## ASSIGNMENT
Records follow. Print exactly the lines from the one that has "Общая площадь 34.3 м2" through the one that has "Quadro-resumo abaixo, com", inclusive, and omit the pictures.

BEGIN DATA SHOWN

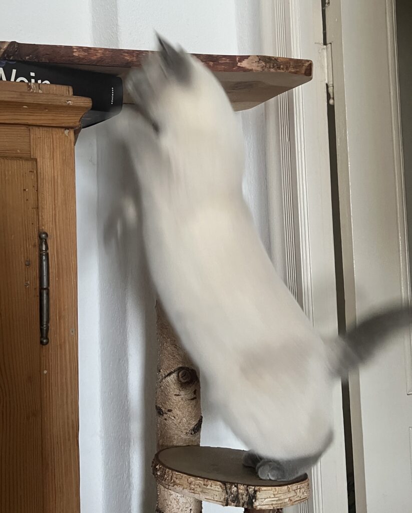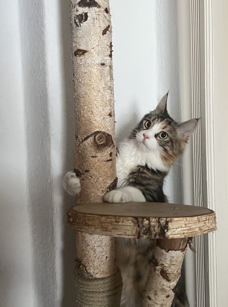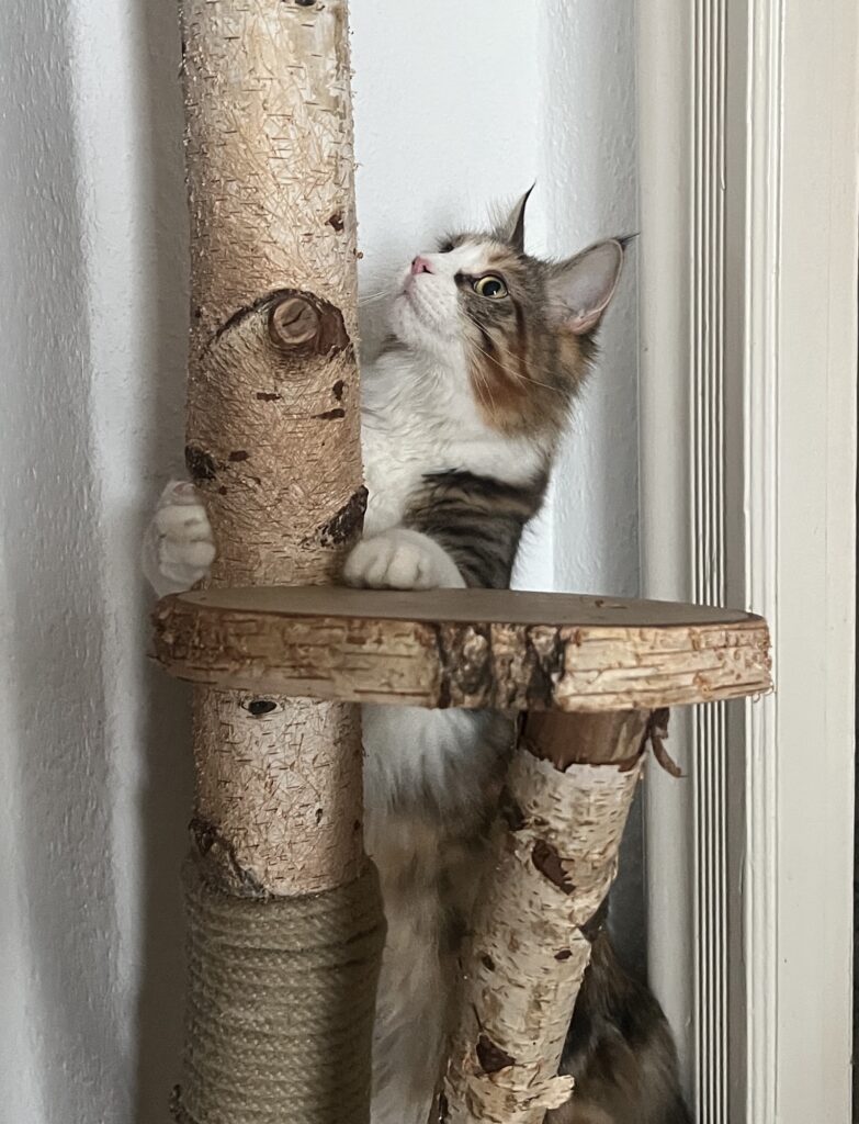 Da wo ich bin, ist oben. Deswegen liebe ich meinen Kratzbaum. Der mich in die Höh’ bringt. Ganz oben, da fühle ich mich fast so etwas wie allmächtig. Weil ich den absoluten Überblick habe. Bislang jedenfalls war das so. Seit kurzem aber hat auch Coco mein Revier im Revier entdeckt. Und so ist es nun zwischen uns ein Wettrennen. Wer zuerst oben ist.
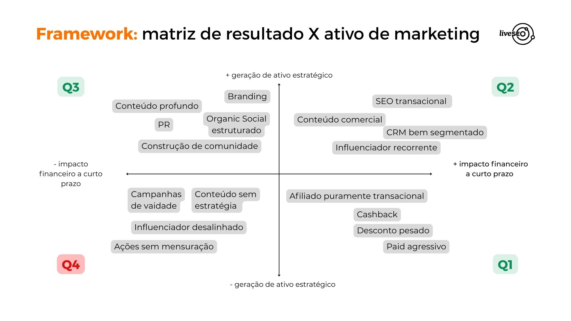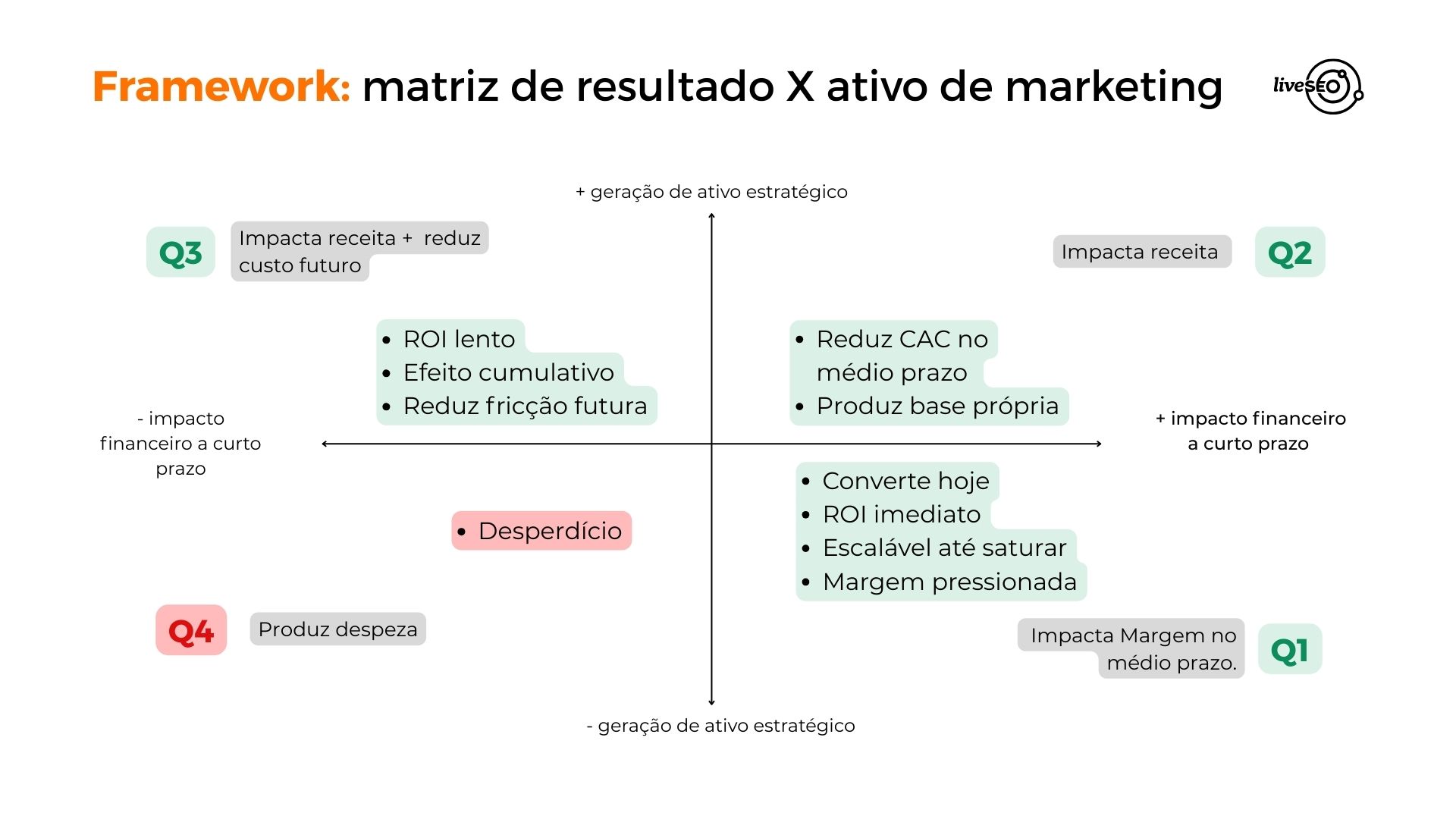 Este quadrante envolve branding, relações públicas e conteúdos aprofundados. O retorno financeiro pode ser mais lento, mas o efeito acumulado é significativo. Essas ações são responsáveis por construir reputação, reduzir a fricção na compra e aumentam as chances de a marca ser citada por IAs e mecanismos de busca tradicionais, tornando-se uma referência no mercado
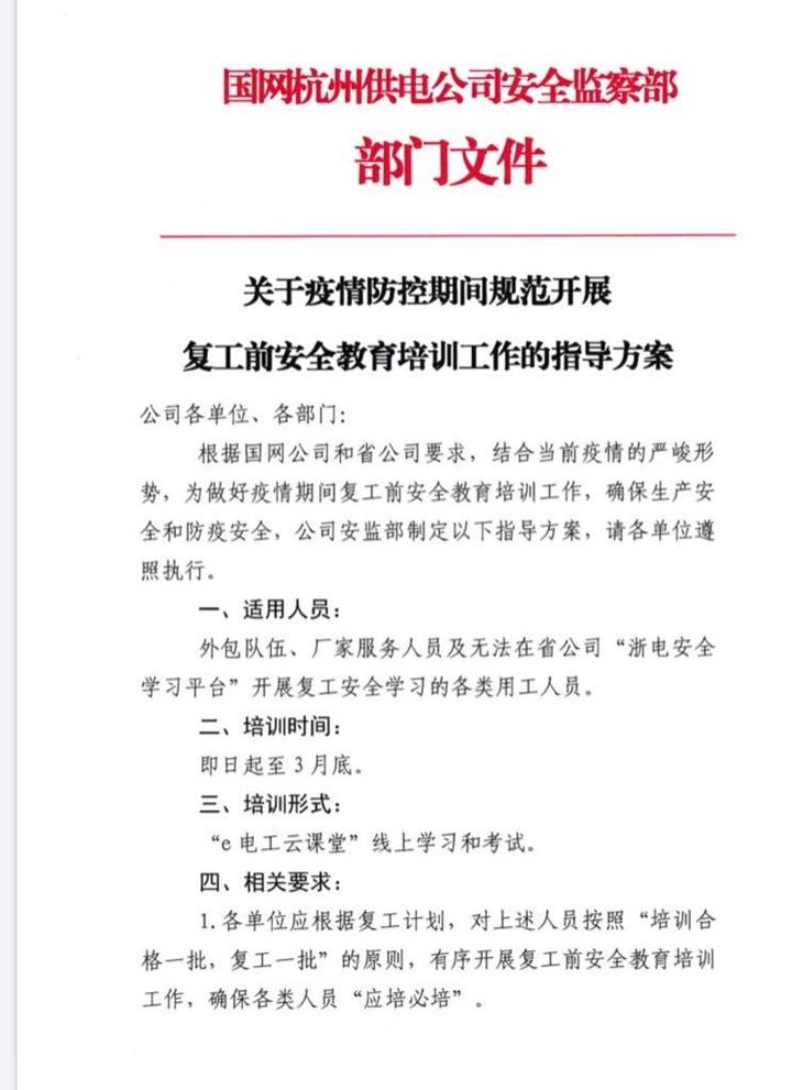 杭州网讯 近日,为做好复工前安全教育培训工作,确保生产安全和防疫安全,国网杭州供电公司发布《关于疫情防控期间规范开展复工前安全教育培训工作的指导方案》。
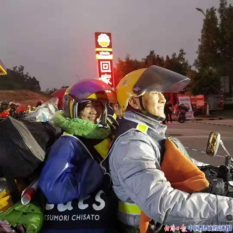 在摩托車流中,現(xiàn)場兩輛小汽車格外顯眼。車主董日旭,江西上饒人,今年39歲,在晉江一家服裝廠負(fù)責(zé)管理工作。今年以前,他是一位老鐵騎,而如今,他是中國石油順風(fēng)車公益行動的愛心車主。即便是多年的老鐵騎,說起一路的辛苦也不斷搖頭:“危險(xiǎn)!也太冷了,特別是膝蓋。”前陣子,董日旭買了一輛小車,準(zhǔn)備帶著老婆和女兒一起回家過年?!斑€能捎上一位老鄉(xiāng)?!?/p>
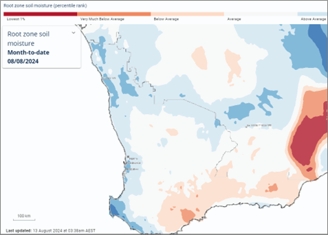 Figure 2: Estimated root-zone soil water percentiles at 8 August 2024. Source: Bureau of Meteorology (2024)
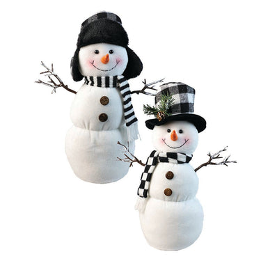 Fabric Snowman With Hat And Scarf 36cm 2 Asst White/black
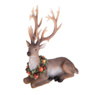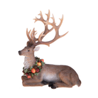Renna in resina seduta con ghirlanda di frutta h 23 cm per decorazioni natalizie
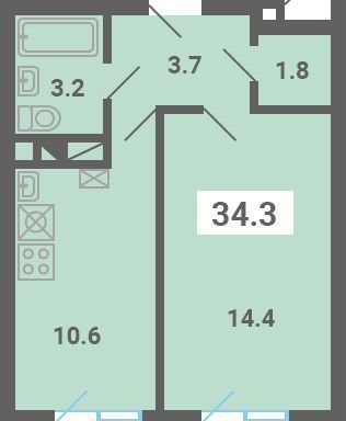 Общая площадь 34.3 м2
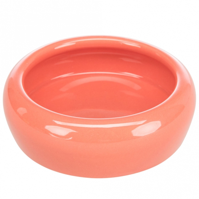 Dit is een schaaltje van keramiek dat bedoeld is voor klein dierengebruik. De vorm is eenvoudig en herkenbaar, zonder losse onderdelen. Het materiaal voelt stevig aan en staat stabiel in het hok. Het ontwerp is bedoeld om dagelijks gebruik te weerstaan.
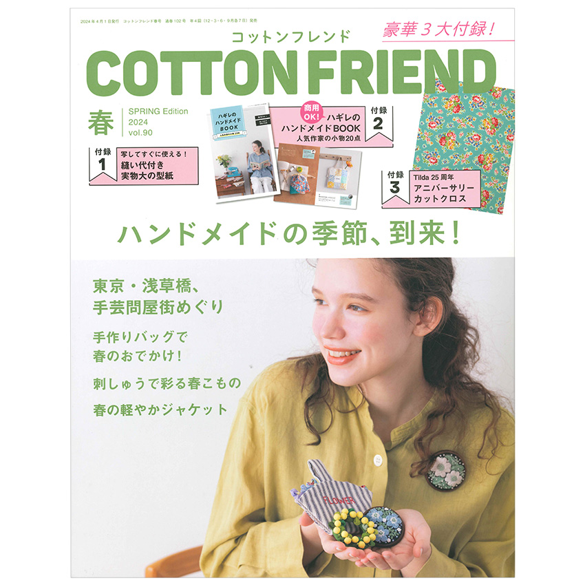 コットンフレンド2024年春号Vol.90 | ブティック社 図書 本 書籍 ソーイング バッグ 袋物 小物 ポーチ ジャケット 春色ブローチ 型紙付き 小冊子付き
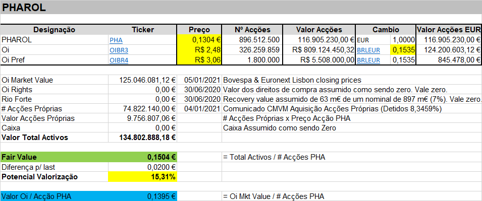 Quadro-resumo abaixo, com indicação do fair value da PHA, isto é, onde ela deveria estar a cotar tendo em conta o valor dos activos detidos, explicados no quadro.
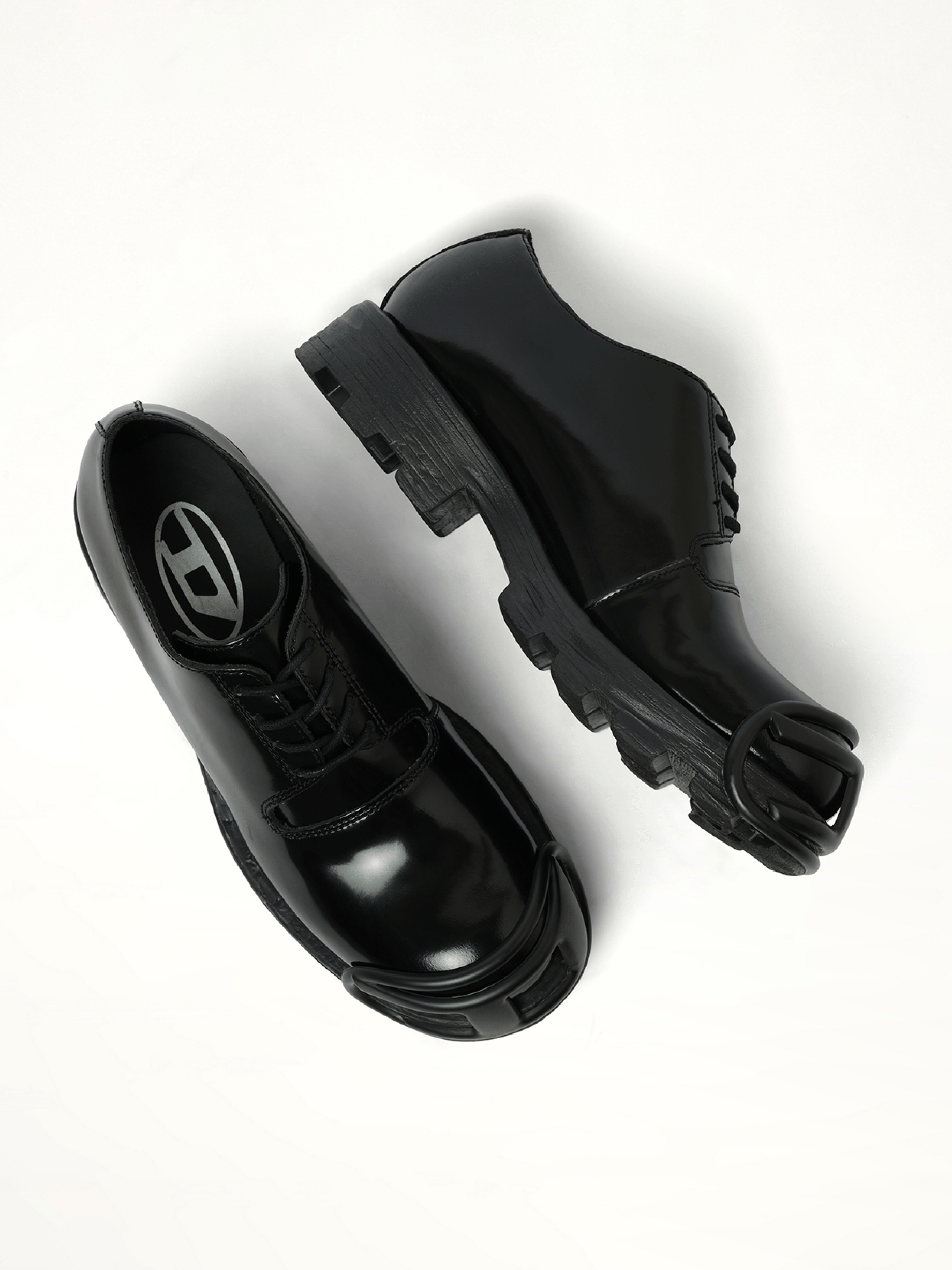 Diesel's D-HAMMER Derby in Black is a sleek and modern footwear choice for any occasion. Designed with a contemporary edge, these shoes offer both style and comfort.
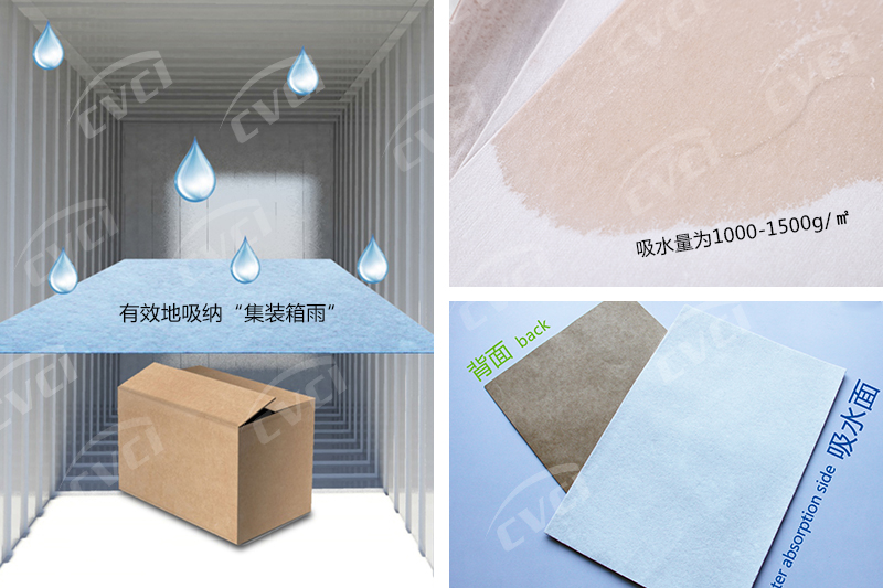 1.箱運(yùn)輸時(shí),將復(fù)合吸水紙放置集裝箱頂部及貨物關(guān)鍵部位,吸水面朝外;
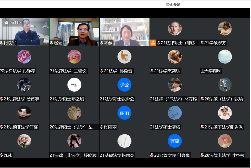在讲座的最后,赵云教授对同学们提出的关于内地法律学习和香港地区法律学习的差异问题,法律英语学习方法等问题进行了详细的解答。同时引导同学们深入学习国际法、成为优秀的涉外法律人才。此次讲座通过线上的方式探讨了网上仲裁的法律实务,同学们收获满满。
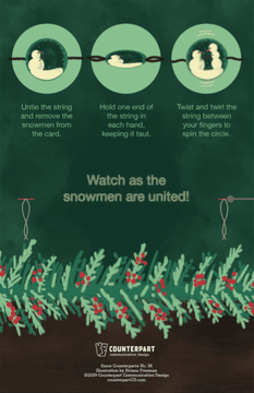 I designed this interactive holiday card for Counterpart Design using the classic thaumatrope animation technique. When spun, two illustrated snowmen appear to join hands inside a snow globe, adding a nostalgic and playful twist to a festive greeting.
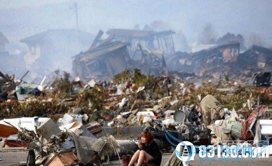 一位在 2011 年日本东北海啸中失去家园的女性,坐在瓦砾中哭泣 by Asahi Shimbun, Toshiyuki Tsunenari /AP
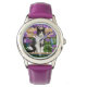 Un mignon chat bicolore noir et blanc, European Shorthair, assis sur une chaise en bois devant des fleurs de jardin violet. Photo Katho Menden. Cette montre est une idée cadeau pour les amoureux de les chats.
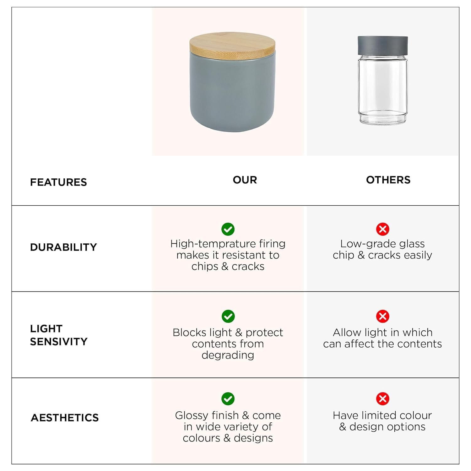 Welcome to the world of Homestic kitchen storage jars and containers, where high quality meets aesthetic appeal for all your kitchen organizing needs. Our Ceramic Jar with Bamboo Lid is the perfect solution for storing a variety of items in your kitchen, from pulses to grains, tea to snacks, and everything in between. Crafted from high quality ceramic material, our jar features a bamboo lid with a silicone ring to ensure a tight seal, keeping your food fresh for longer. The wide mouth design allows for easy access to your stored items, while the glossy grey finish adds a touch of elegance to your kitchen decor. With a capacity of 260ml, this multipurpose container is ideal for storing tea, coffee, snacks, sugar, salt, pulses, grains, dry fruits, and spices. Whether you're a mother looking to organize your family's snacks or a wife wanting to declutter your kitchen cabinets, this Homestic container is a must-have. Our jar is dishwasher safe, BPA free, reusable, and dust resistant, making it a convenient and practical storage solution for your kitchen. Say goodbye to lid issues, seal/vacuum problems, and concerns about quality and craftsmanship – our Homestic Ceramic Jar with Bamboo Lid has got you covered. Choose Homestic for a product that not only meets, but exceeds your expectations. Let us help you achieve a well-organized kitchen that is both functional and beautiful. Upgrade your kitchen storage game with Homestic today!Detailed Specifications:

END DATA SHOWN

## YOUR RESPONSE
 Общая площадь 34.3 м2
 Dit is een schaaltje van keramiek dat bedoeld is voor klein dierengebruik. De vorm is eenvoudig en herkenbaar, zonder losse onderdelen. Het materiaal voelt stevig aan en staat stabiel in het hok. Het ontwerp is bedoeld om dagelijks gebruik te weerstaan.
 コットンフレンド2024年春号Vol.90 | ブティック社 図書 本 書籍 ソーイング バッグ 袋物 小物 ポーチ ジャケット 春色ブローチ 型紙付き 小冊子付き
 Quadro-resumo abaixo, com indicação do fair value da PHA, isto é, onde ela deveria estar a cotar tendo em conta o valor dos activos detidos, explicados no quadro.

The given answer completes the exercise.